CHALLENGE | Liberty & Security



A Research Project Funded by the Sixth Framework Research Programme of DG Research (European Commission)

Home page > Challenge Activities > Work Packages > WP 8 : Effects of exceptionalism on social cohesion in Europe and (...) > Workshop : The political impact of security policies

Workshop : The political impact of security policies

Tuesday 17 July 2007, by Rahola Federico

imprimer

The WP8 unit of Challenge Project has organised a three-days workshop held on in Genoa, on June 14th, 15th, and 16th 2007, whose general aim has been to analyse and debate the main impacts of the so-called «securitarian turn» involving the global political scenario. The general framework of the workshop directly reflects the Genoa unit’s field of research within the Challenge project (namely, the social and political effects of security policies), starting from the theoretical assumption that security devices and practices directly produce a domain of fear, and thus a politics of insecurity, by investing the overall social and political relations and imposing themselves as a legitimated technique of global governance.

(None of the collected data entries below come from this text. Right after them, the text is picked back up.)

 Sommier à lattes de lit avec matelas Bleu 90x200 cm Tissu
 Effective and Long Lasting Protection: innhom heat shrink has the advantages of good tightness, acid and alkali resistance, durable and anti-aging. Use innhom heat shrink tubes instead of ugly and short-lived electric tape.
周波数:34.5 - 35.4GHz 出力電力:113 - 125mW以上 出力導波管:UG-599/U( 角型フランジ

As a matter of fact, the current, «securitarian» dynamics can be summarised in a double tautological process, according to which the relentless production of insecurity, through the colonisation of social life by security measures and practices (highly improved in the post 9.11 scenario), makes in turn proliferate the industry of security. From this point of view, even an undetermined notion such as the one of terrorism has to be seen less as a specific thread than a necessary place-holder in order to legitimise the adoption of security apparatuses and devices.

Accordingly, a central attention of the different contributions and papers presented during the workshop has been devoted to the role of the so-called professional of (in)security (media, politicians, judges and prosecutors, opinion leaders/makers, and, above all, all those directly engaged in security policies), in the legitimisation of both security policies and of the global insecurity domain.

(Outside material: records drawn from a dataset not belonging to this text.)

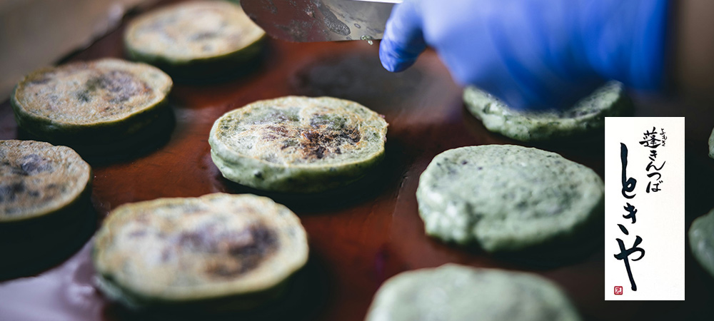 甘さを控えたやさしい餡を、風味豊かな蓬(よもぎ)の生地で包み込み、ひとつひとつ丁寧に焼いて作り上げる蓬きんつば。ときやの店頭にある大きな窓からはスタッフがひとつひとつ丁寧に焼き上げている姿をご覧になることができ、オープン時間には温かい出来立てが並びます。
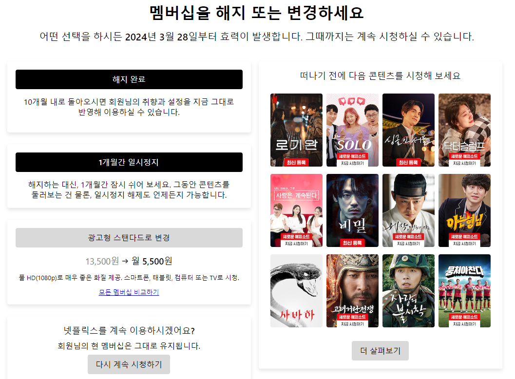- 1개월 간 일시정지 : 영상 시청을 금지되지만 콘텐츠를 보는 건 가능합니다.
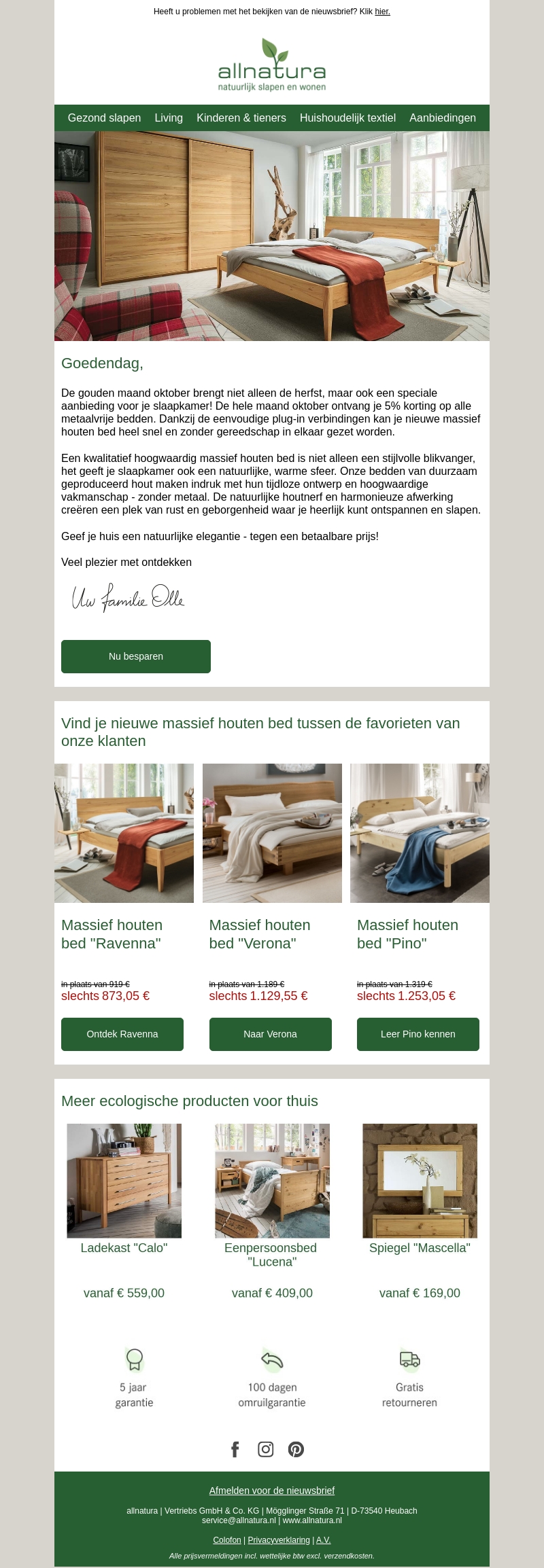De gehele maand oktober biedt een speciale korting van 5% op alle metaalvrije bedden bij Allnatura. Deze stijlvolle en duurzame bedden creëren een natuurlijke, warme sfeer in elke slaapkamer. Ontvang nu jouw metaalvrije massief houten bed en geniet van tijdloze elegantie tegen een betaalbare prijs.
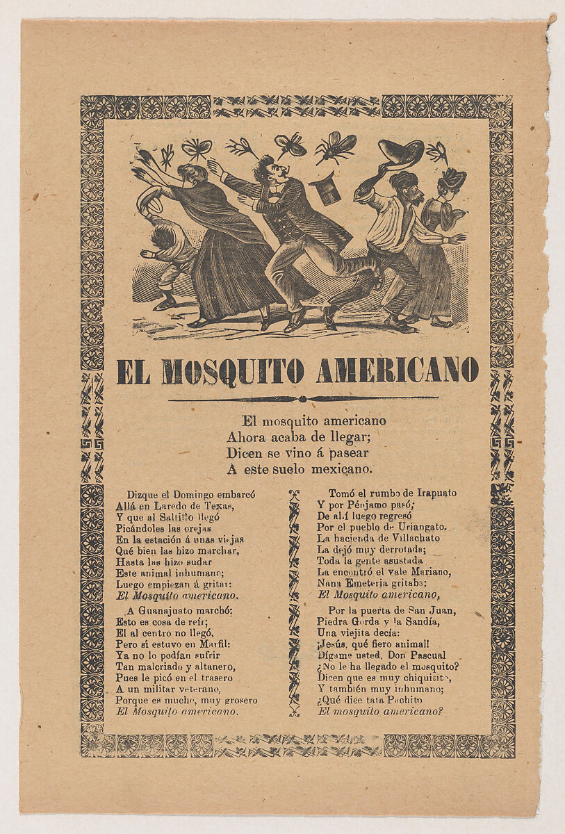 Hundreds of broadsheets addressing current affairs and illustrated by Posada were published by the Vanegas Arroyo workshop. This example has twelve ten-line stanzas covering both sides that relay verbal accounts from different parts of Mexico regarding the damage inflicted by "American pests." The stories seem to relate to US expansionism and intervention in Mexico enabled by Porfirio Díaz’s government. The image shows Mexicans of different ages and classes being attacked by mosquitos that are described in the text as inhuman, tyrannical, and rude.
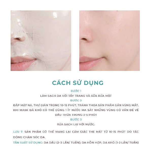 Bước 1: Sau khi làm sạch da, đắp 1 lớp mặt nạ vừa đủ trên da và thư giãn trong 5-10 phút. Không thoa sản phẩm gần vùng mắt
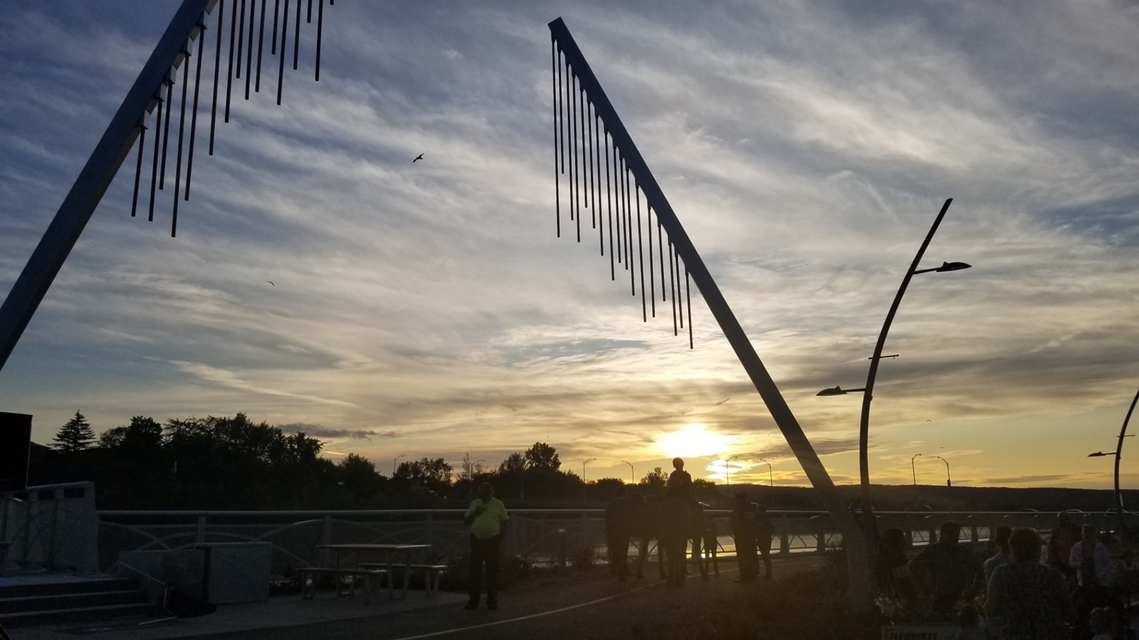 C’est cet après-midi à 15 h 30 que l’installation de l’œuvre « Déambulation éolienne » de l’artiste Ludovic Boney a été terminée. Cette sculpture qui bougera sous l’effet du vent veut inviter les passants à prendre le temps d’apprécier le calme et le paysage.
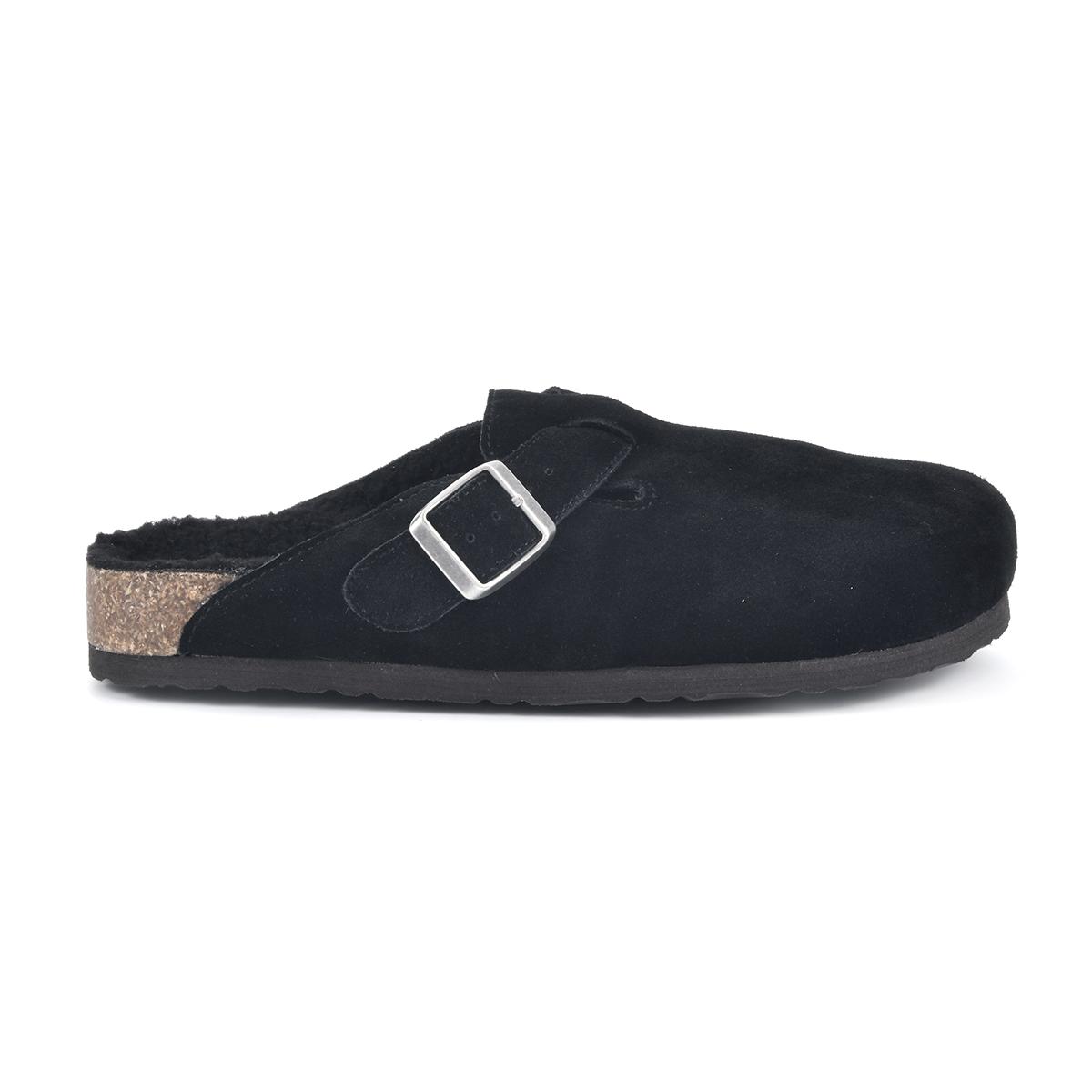 Get cozy in these Womens White Mountain Bari Footbeds™ clogs. The clogs have a soft suede upper and a synthetic outsole. They feature a roomy round toe, a molded cork comfort footbed with a faux shearling lining that keeps your feet toasty all season long. Great for both going out and staying in.

The workshop developed the issue through a series of steps, each one focusing on the multilevel impacts of security policies, among which, just to mention the most relevant: the crisis of international order as well as of the national state conceived in Hobbesian terms of the guarantor of internal security for citizens; the consequential redefinition of state sovereignty according to the new security policies; the relentless production of social alarms and insecurity which in turn legitimises the securitarian claims.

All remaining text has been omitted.